A comedy of manners about social expectations, female friendship, sex, marriage and the upper classes, Fallen Angels takes place in the opulent London apartment of Julia Sterroll (Lisa Chappell). She intends having a pleasant weekend with her lifelong gal-pal and neighbour Jane Banbury (Dougan) while their husbands (played by Stephen Lovatt and Stelios Yiakmis) go on a golfing weekend.

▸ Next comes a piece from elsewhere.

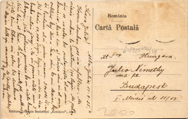 1925 Nagyenyed, Aiud; "Romanul" Kereskedelmi, ipari és gazdasági részvénytársaság / "Romanul" Societate pe actiuni industriala comerciala si economica / commercial, economic and industrial joint stock company (EK)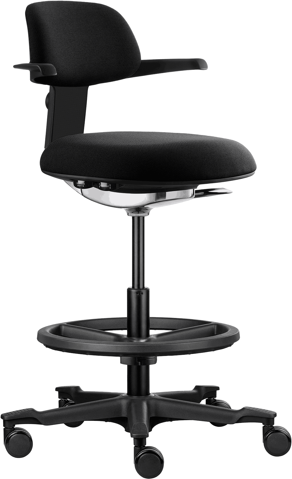 Armlenene fungerer også som håndtak, slik at stolen enkelt kan flyttes rundt, da vi ofte bytter posisjon i moderne kontormiljøer. Stolen er et resultat av dansk design og materialer av høy kvalitet. Derfor er det ikke gått på kompromiss med verken komfort, justeringsmuligheter eller ergonomi. Stolens unike design og mulighet til å velge mellom

But Julia and Jane's plans are thrown into chaos by the arrival of a postcard from an ex-lover, alluring Frenchman Maurice Duclos (Jonathan Allen), who announces he intends to visit them. Contented but bored in their respective marriages, Julia and Jane are soon thinking about what might have been and downing glass after glass of champagne to quell their nerves. As the girls lose their inhibitions, petty jealousies and insecurities surface and the insults begin to fly. All this is watched by Julia's wily maid, Saunders (Priyanka Xi).
"It's very funny and very fun to play," says Dougan. "Playing a drunk is always a great acting challenge. The way to approach it is to try not to appear drunk."
Any special advice on that from Dougan's former Unitec drama teacher and Fallen Angels director Raymond Hawthorne? "No, we just assume everyone knows how to do that."
Despite an extensive CV, which has seen her work mainly at Court Theatre in Christchurch and at Dunedin's Fortune Theatre, Dougan has never appeared in a Noel Coward play. She says that's okay because she understands the style and enjoys plays that, like Coward's, are dexterous with language and work on multiple levels.
"Each of the women goes through a huge arc in the play and it's lovely to have this big, sweeping arc to play with. They are witty, intelligent and charming characters but they're also vulnerable and questioning what life is all about. They are very much the central protagonists and it's lovely to have a play that features women so strongly.
"We see them desperately trying to do the right thing but all the while we are asking - they're asking - what the right thing actually is. Their lives are idyllic but there's a but."
Hawthorne sees the comedy as about the conflict between a comfortable existence and the desire for past excitement.
Even if they are behaving badly, Hawthorne says the players are upmarket and the set needs to be classy and stylish to match.
He and designer Tracey Grant Lord have worked determinedly to emphasise how desirable Julia's and Jane's lives are by creating a sumptuous set, including importing fabric from New York.